Trwa 9. runda negocjacji TTIP i w tym samym czasie Komisja Europejska wypuściła raport na temat korzyści z porozumienia dla małych i średnich firm. Raport niewiele mówi o samym porozumieniu i jest to ciekawy przykład stwarzania pozorów przejrzystości.
reklama
Od kiedy tylko zaczęły się negocjacje w sprawie porozumienia TTIP, obywatele i organizacje społeczne zaapelowały o jawność tych negocjacji. Komisja Europejska początkowo udawała, że tych próśb nie słyszy. Potem zaczęła stwarzać pewne pozory przejrzystości publikując jakieś dokumenty, stanowiące nie tyle informacje o toczących się rozmowach ile o tym, czego Komisja Europejska chciałaby od tych rozmów.
Obecnie w Nowym Jorku toczy się 9. runda negocjacji TTIP. Przy tej okazji Komisja Europejska ogłosiła opublikowanie raportu na temat korzyści płynących z porozumienia dla małych i średnich firm (MSP). Komisji Europejskiej wyraźnie zależy na obaleniu dość powszechnego poglądu, że TTIP jest tworzony na zamówienie wielkich korporacji i ma podporządkować państwa tym korporacjom.

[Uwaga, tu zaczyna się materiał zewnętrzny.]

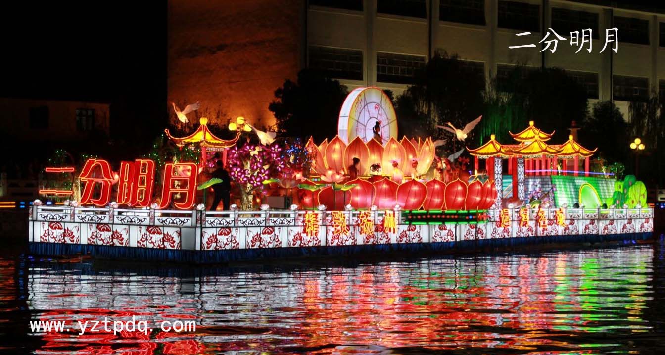 由蜀岡—瘦西湖風景名勝區制作的領航花船“二分明月”號。該花船以國家5A級風景區蜀崗—瘦西湖為藍本建構。風姿卓越獨樹一幟的五亭橋,寓意著幸福年年,代表著人類的智慧與巧思。皇家珍藏移步換景的白塔,見證著鹽運的發達,代表著至高的榮耀與尊寵。亭臺軒榭、層巒疊嶂、青山掩翠、桃紅柳綠,好一個荷塘月色,人間仙境。

Proponujemy wam, abyście zajrzeli do tego unijnego raportu. Kopię znajdziecie pod tym tekstem. Czytając ten raport przekonacie się, że tak naprawdę niewiele mówi on o TTIP. Pierwsza część raportu poświęcona jest roli jaką odgrywają MSP w eksporcie towarów poza Unię Europejską. Druga część raportu to opis sondażu przeprowadzonego wśród 869 firm z UE. Sondaż dotyczył barier, które mogą powstrzymywać firmy przed eksportem towarów. Chodziło o bariery inne niż celne.
Z raportu wynika m.in., że wiele firm ma problem z dostosowaniem swoich produktów do amerykańskich zasad jakości i bezpieczeństwa oraz do regulacji natury technicznej. Te zasady są po prostu inne niż w USA np. producenci ubrań narzekają na różne systemy wymagań w zakresie palności materiałów. Wiele firm narzeka także na problemy z kosztem przekraczania granic. Opisywany raport jest bardzo ciekawym źródłem wiedzy na temat problemów pojawiających się w handlu międzynarodowym. Pytanie tylko, czy wnioski z tego raportu nie idą zbyt daleko?
Już w podsumowaniu raportu możemy przeczytać, że "bariery (...) są prawdopodobnie bardziej odstraszające dla eksportu MSP niż dla dużych firm, gdyż te mniejsze firmy postrzegają je jako droższe w odniesieniu do sprzedaży". Nie wątpię w słuszność tego wniosku, ale to nie wynika z raportu jednoznacznie. Poza tym jest dość oczywiste, że małe firmy zawsze będą bardziej odczuwać bariery w handlu międzynarodowym niż globalne korporacje.
Ponadto w podsumowaniu czytamy, że "wyniki uwydatniają możliwości zaoferowane przez toczący się negocjacje TTIP". Nie wiem skąd taki wniosek. Nie wiemy co dokładnie jest w porozumieniu TTIP, a opisywany raport tak naprawdę dotyczy obserwowanych przez MSP barier w handlu. Jak już wspomniałem, to ciekawa wiedza o barierach, ale nie jest to analiza relacji pomiędzy tymi barierami, a korzyściami jakie ma przynieść TTIP.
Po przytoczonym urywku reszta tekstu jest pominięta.